For weeks and weeks now, I’ve had both Dickens’ Great Expectations and Lloyd Jones’ Mister Pip stacked by my monitor as a reminder to quickly summarize, for my blog, my response to the latter. And since one of my winter-break tasks is to get my desk cleared off a bit, I’m going to go for the quick-and-dirty so that I can get the books back on the shelves and recover some 30 or 40 square inches.
Great Expectations, of course, needs no reviewing by me, but I will say again that it’s a compelling read, a book I could confidently assign to my first-years knowing that once they got past the grumbles of dealing with dated language, denser syntax, etc., they couldn’t help but be caught up by the narrative. It’s not necessary to have read this in order to engage with Mister Pip, but by perhaps the fourth chapter I decided I’d like that background to be better able to evaluate and appreciate the narrator Matilda’s response to the Dickens story. If I were to teach Mister Pip in future, I’d do so in tandem with GE and I’d direct the students to consider the respective politico-socio-economic conditions of the two narrators and the work the writers do to bring these conditions to the attention of a national and/or global community that doesn’t know or care about such conditions. Does that already sound too tedious? Perhaps, but I think it’s an important parallel given how little I knew about Bougainville and the traumas experienced and witnessed by its people, children particularly.

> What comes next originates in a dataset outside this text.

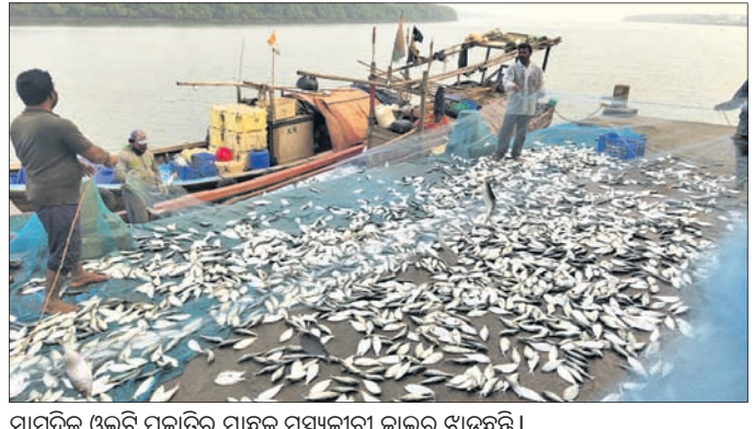
ସାମୁଦ୍ରିକ ଉଲଟି ପ୍ରକାରି ମାଛକୁ ମହାକାଳପଡ଼ା ଜାଲରୁ ଝାଡ଼ୁଛନ୍ତି।

କେନ୍ଦ୍ରାପଡ଼ା ଜିଲା ମହାକାଳପଡ଼ା ବ୍ଲକ୍ ଜନ୍ମ ଲକ୍ଷ୍ମୀ ମଧ୍ୟ ଅବତରଣ କେନ୍ଦ୍ର ବା ଜେଠରେ ୨ଟି ଡକ୍ଟା ୨ ଟନ୍ ୨୦ କେଜି ମାଛ ଧରା ପଡ଼ିଛନ୍ତି। ଏତେ ସଂଖ୍ୟାକ ମାଛ ଜାଲରେ ପଡ଼ିବାରୁ ଡକ୍ଟା ସମୁଦ୍ରରେ ଚଳମଳ ହୋଇଥିଲା। ମହାକାଳପଡ଼ାମାନେ ଏହି ଡକ୍ଟାକୁ କୌଶଳକ୍ରମେ କୁଳକୁ ଆଣିଥିଲେ। ଜେଠରେ ଜାଲରୁ ମାଛକୁ ଛଡ଼ାଇବାକୁ ମହାକାଳପଡ଼ାମାନଙ୍କୁ ଦୀର୍ଘ ସମୟ ଲାଗିଥିଲା। ଏମାନଙ୍କ ଭିତରୁ ଜଣେ ମହାକାଳପଡ଼ା କହିବା କଥା, ଅମାଳସ୍ୟା ପୂର୍ବଦିନ କୋହଲା ପାର ସାଙ୍ଗକୁ ଦକ୍ଷିଣା ପୂର୍ବ ଦିଗକୁ ଡକ୍ଟା ଫଳରେ ଏତେ ପରିମାଣର ମାଛ ପଡ଼ିଥିଲେ। ଏହି ମାଛକୁ ବେଶ୍ ମହାକାଳପଡ଼ାମାନେ ବେଶ୍ ଖୁସି ହୋଇଛନ୍ତି। ଏହି ଉଲଟି ପ୍ରକାରି ମାଛ ଜିଲୋ ପ୍ରତି ୨ ଶହେ ୩ ଶହ ଟଙ୍କା

I’d also link the two novels’ concern with the effects of colonialism, despite a difference of almost 150 years. The colonial exploitation that led to Bougainville’s traumas is described at several websites, Solidarity South Pacific for example. As well, children’s drawings of the war can be seen here.
To write a decent review, I’d need to go back and re-read the novel, and I just don’t have time for that. Quickly, though, I will say that I was struck from the opening by the narrator’s tone. I’ve seen other reviews that refer to the narrator as a child, but I think it’s important to emphasize that this is not, indeed, the case. The narrator is clearly looking back, from early adulthood, on a time of her childhood charged with the transition to adolescence, the drama of war, and the wonderment of new knowledge, the transformative possibilities of the imagination. While she is clearly engaged with the possibilities of storytelling and, especially, the riches of interpretation, her voice nevertheless reflects, in a certain curious detachment or flatness or some affect I can’t quite pin down, the harrowing experience she eventually reveals, an experience that weighs on each page until the reader is finally knocked down by it perhaps two-thirds of the way through the novel.
Many reviewers focus on the redemptive quality of the narrative’s emphasis on storytelling and the imagination. Yes. I suppose. It’s uplifting to think of the young narrator picking up the pen to carry on that tradition. Still, by the time I finished the novel, I couldn’t help wondering how many days she wouldn’t have the strength.
A student from one of my past 4th-year Canadian fiction classes e-mailed me the other day to ask if I’d recommend novels to get her through several weeks of mandated bedrest (pregnancy–now there’s a great expectation!). Although this deceptively small, simple-appearing novel is harrowing in its core content, its story of the “unaccommodated child” (a child’s exposure being, arguably, even more difficult to witness, than Lear’s), it offers enough pleasures and, yes, I’ll concede, enough redemptive possibilities that I will add this to my list of recommendations. Certainly, I plan to read it again myself.